Esses tipos de mudanças podem reverberar em ecossistemas de água doce inteiros. Os mexilhões são vitais para filtrar alimentos e manter a água limpa, por exemplo. Se as pulgas-d-água perderem sua eficiência para escapar de predadores, sua população pode diminuir, deixando menos comida no longo prazo para os peixe.  

Mas não é certo que as águas interiores em todo o mundo apresentam o aumento de dióxido de carbono na taxa que Weiss e seus colegas observaram nos reservatórios alemães.  

Em novembro, Stanley e seus colegas publicaram um estudo de níveis de dióxido de carbono em lagos do Wisconsin. Entre 1986 e 2011, não detectaram nenhuma mudança significativa.  

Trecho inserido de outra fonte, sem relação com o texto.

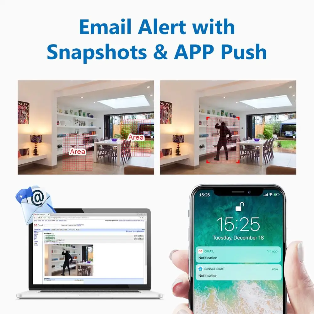 · Оповещение по электронной почте со снимками и нажатием приложения
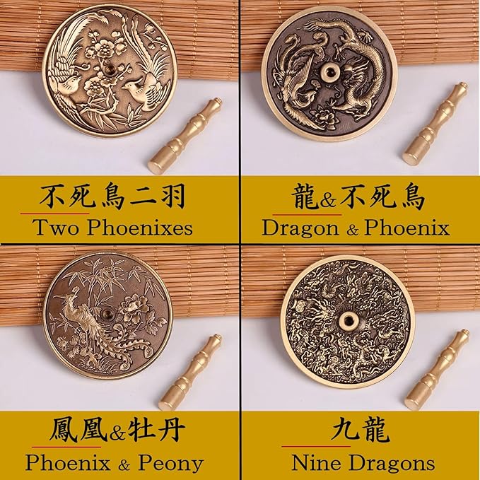 香炉灰や火鉢などの灰を平らに整える香灰ツール灰押さえです。銅に聖獣を彫刻したアンティークな灰押さえは、香道や法要など静穏な雰囲気をより高尚に演出します。不死鳥二羽、龍&不死鳥、鳳凰&牡丹、九龍、4種のデザインをご用意いたしました。
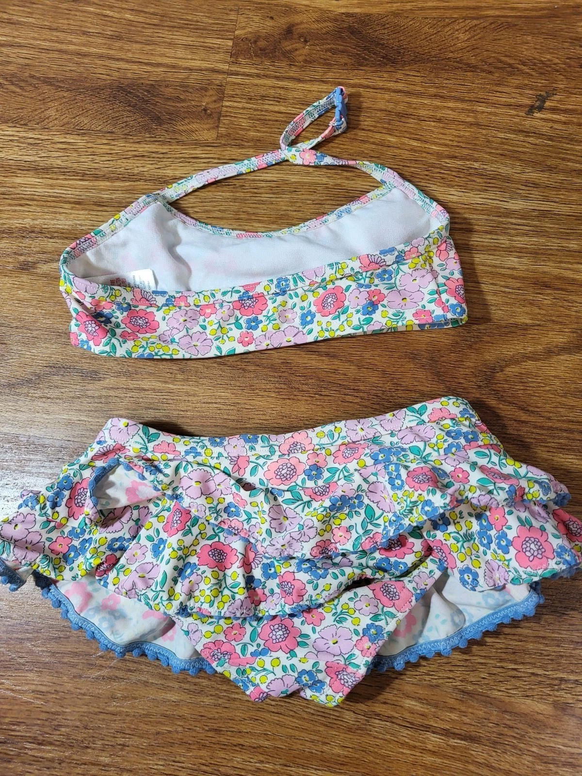 как выглядит Mini Boden Girls Swimsuit Bikini 2-3 Yrs Ditsy Floral Colorful Ruffle Beach 2 Pc фото
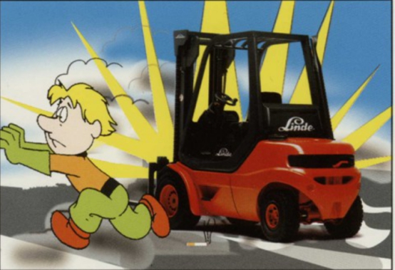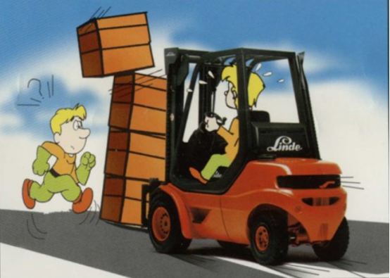 不允許任何人站在或經過提升起的貨叉下,也不允許直接站在叉車后部或在叉車轉彎時位于后部回旋區內。
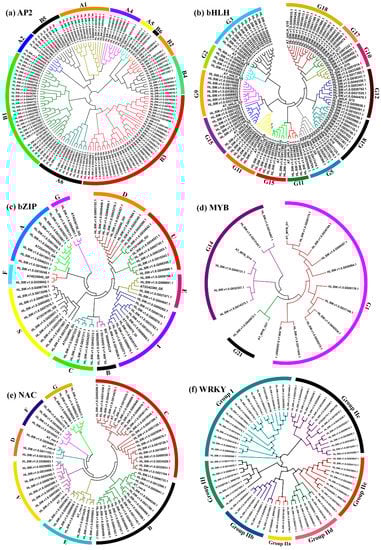 Unrooted phylogenetic tree representing the relationships and subfamily designations of the hop TF families along with the model species A. thaliana. The deduced amino acid sequences were aligned using the MUSCLE program, and the phylogenetic tree was constructed using the neighbor-joining method implemented in MEGA 7 software. The colored branch indicates the different subfamilies: (a) AP2, (b) bHLH, (c) bZIP, (d) MYB, (e) NAC and (f) WRKY.
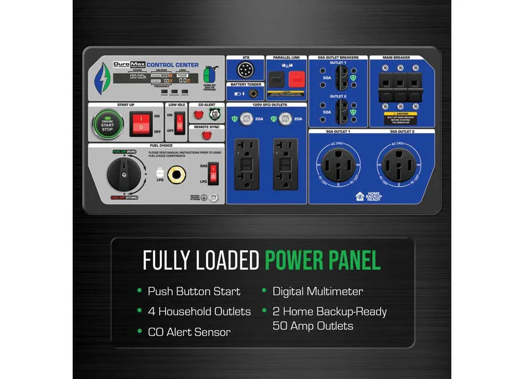 - Home Backup Ready — Equipped with two 50 Amp plugs for use with generator interlocks or transfer switches.
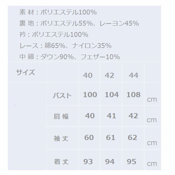 中綿:ダウン90%、フェザー10%
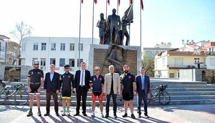 Sporcuları, Manavgat Kaymakamı Nazmi Günlü ve Manavgat Belediye Başkanı Şükrü Sözen yolcu etti. Mehmet Dağkır, Ufuk Anatca, İsmail Arkan ve Yusuf Akkuş’dan oluşan bisiklet ekibi, bin 50 kilometre boyunca şehitler için pedal çevirecek. 8 günlük yolculuğun ardından şehitliğe toprağı bırakacak olan bisikletçiler, Manavgat Belediye Başkanı Şükrü Sözen’e desteğinden dolayı teşekkür etti. Sporculara kask ve bisiklet selesi hediye eden Manavgat Belediye Başkanı Şükrü Sözen, Çanakkale’ye giden bisikletçilere iyi yolcuklar diledi. Başkan Sözen "Bisikletçi dostlarımız şehidimiz Ahmet Ozan Şarlak’ın toprağını atalarımızın ebedi istiratgahına bırakmak için yola çıkıyor. Dostlarımıza iyi yolculuklar dilerken, bize bu cennet vatanı bırakan aziz şehitlerimizin hatıraları önünde de saygıyla eğiliyorum" dedi.
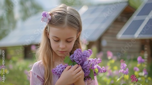 © Generative AI, Fototapeta premium Beautiful young girl with purple lilacs flower in hands Young girl spending time outdoors in nature springtime House with solar panels in background : Generative AI
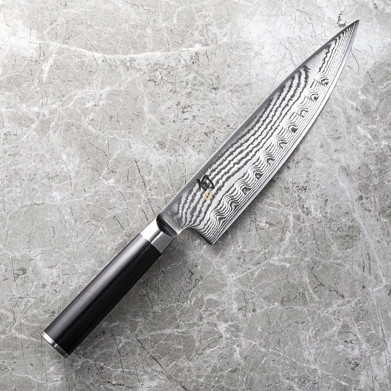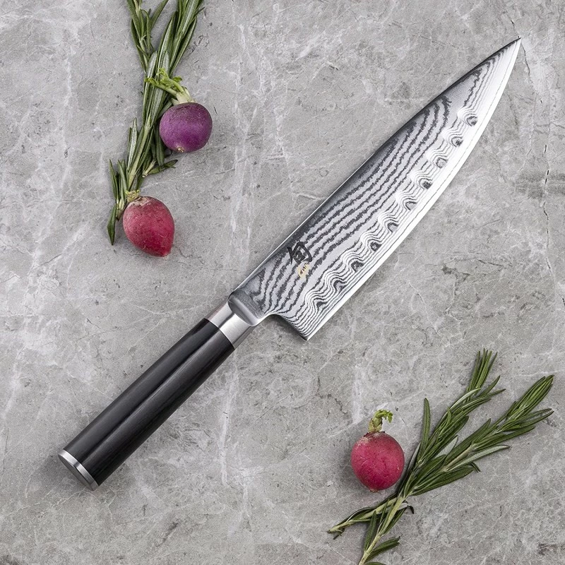 Le couteau de chef japonais KAI Shun Damas DM.0719 est muni d’une lame alvéolée de 20 cm de longueur en acier damas inox composé de 32 couches avec un noyau central en acier VG-10 (acier très dur, particulièrement résistant à la corrosion). À émouture symétrique, la lame de ce couteau japonais haut de gamme bénéficie d’un tranchant convexe ainsi qu’un affûtage manuel, ce qui lui procure un tranchant net et précis. Les alvéoles favorisent des coupes fines et nettes sur les pâtes molles et empêchent que les aliments ne se collent à la lame!
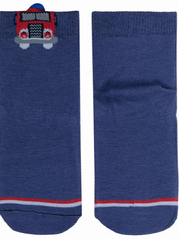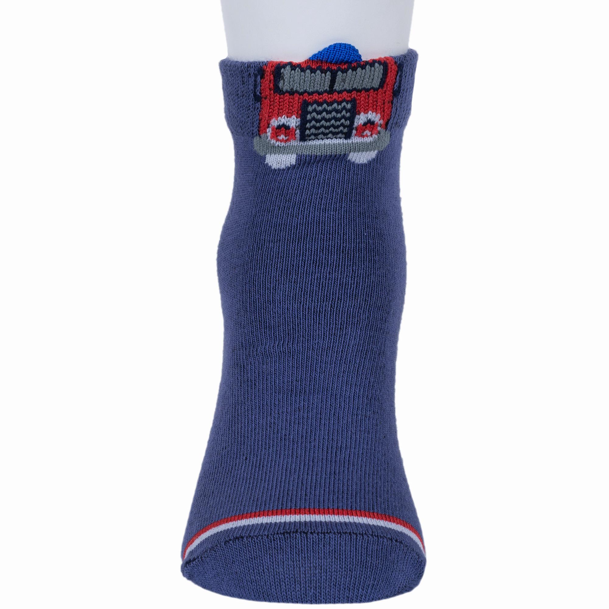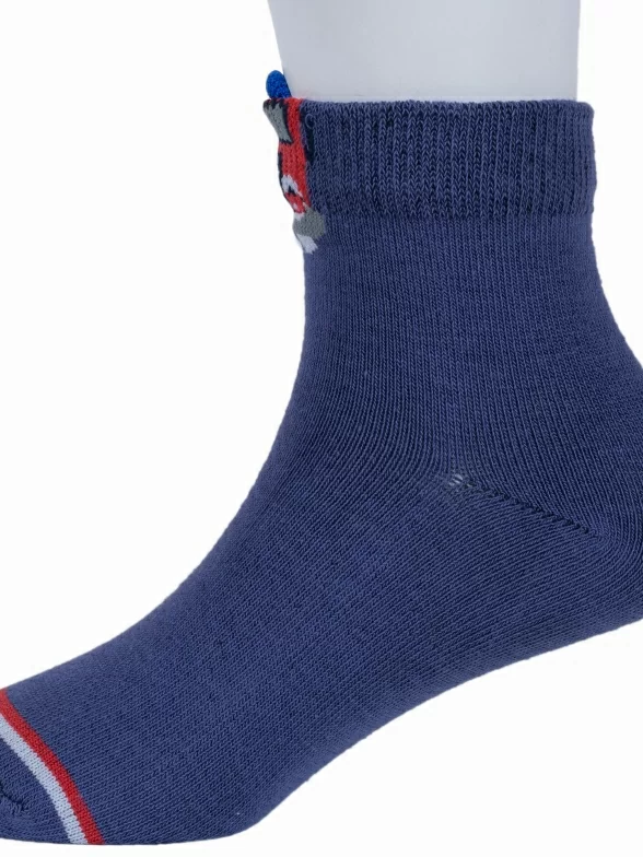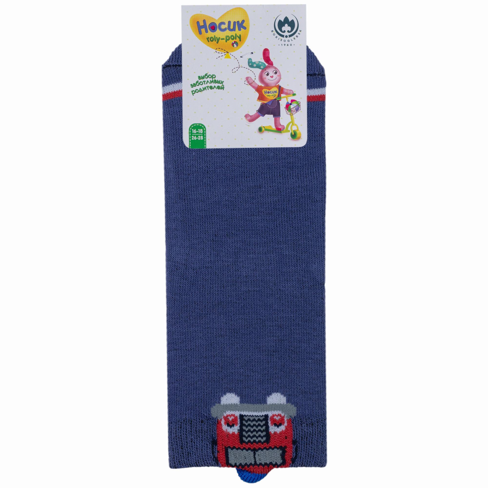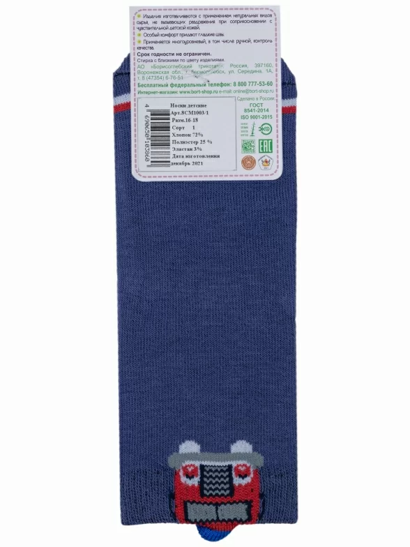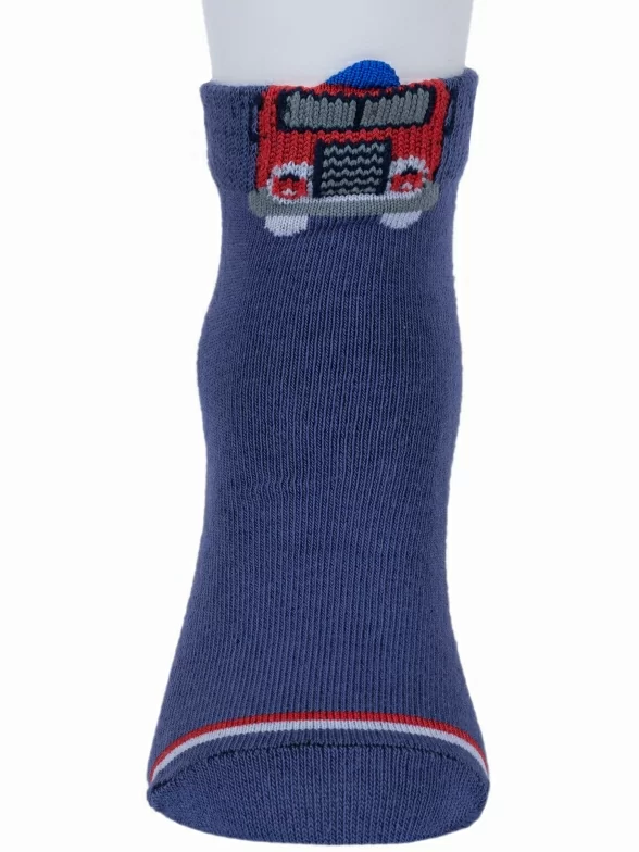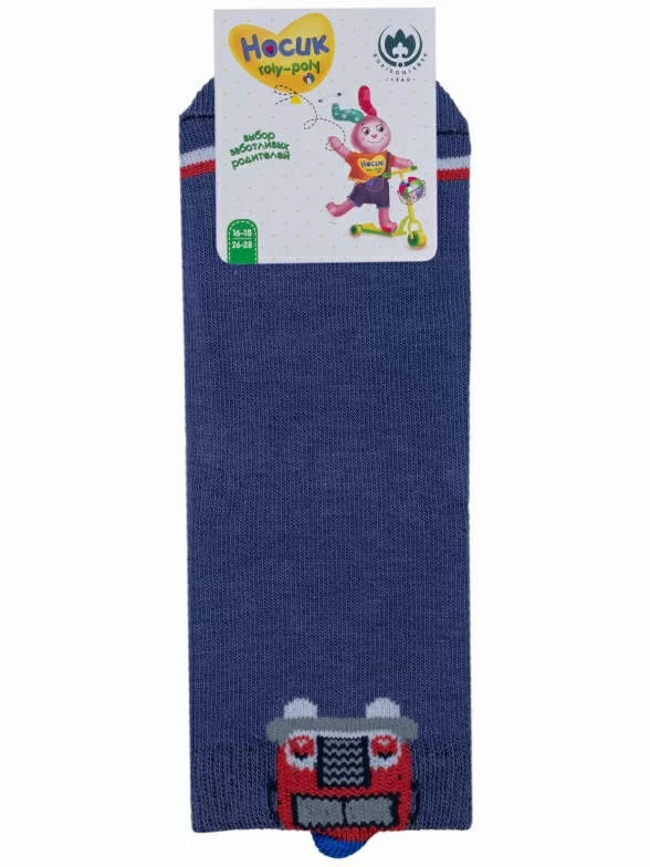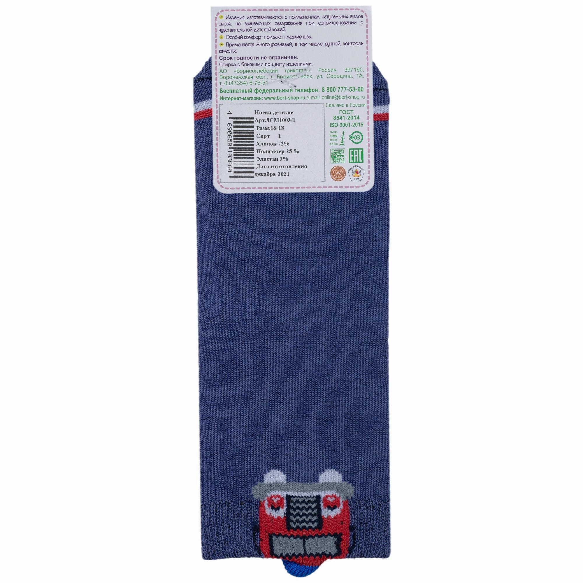 Круглогодичные укороченные детские носки, цвет синий-джинс, повседневные, шов обычный (не бесшовные), принт (рисунок): транспорт, с узором, состав: 72% хлопок, 25% полиэстер, 3% эластан, арт. 8СМ1003/1. Производитель «АО Борисоглебский трикотаж, Воронежская обл, Россия» под брендом «Борисоглебский трикотаж».

As diferenças estão na química complexa que varia de um lago para o outro. Enquanto os lagos e os rios absorvem dióxido de carbono da atmosfera, alguns também retiram o gás dos solos circundantes.  

A química de algumas águas interiores faz com que muito dióxido de carbono seja convertido em outros compostos. Alguns lagos e riachos podem abrigar muitas plantas subaquáticas que o retêm, por exemplo, enquanto outros podem ter micróbios que liberam mais o gás.  

Complicando mais as coisas, os níveis de dióxido de carbono em qualquer corpo de água doce podem mudar drasticamente ao longo do tempo com oscilações da temperatura e outras condições.  

"Você pode ter lagos onde o dióxido de carbono aumenta dez vezes à noite", disse Hasler.  

Nas próximas décadas, como os níveis de dióxido de carbono continuam a subir na atmosfera, Stanley especula que o panorama só ficará mais matizado.  

"Honestamente, não sei para onde estamos indo. Provavelmente vou apostar que o aumento da variabilidade de um lago para outro vai ser cada vez mais extrema", disse Stanley.  

Weiss concordou que não era possível tirar grandes lições dos dados preliminares. "Acho que o estudo que estamos publicando é como uma porta que se abre. Espero que outros cientistas se juntem à pesquisa."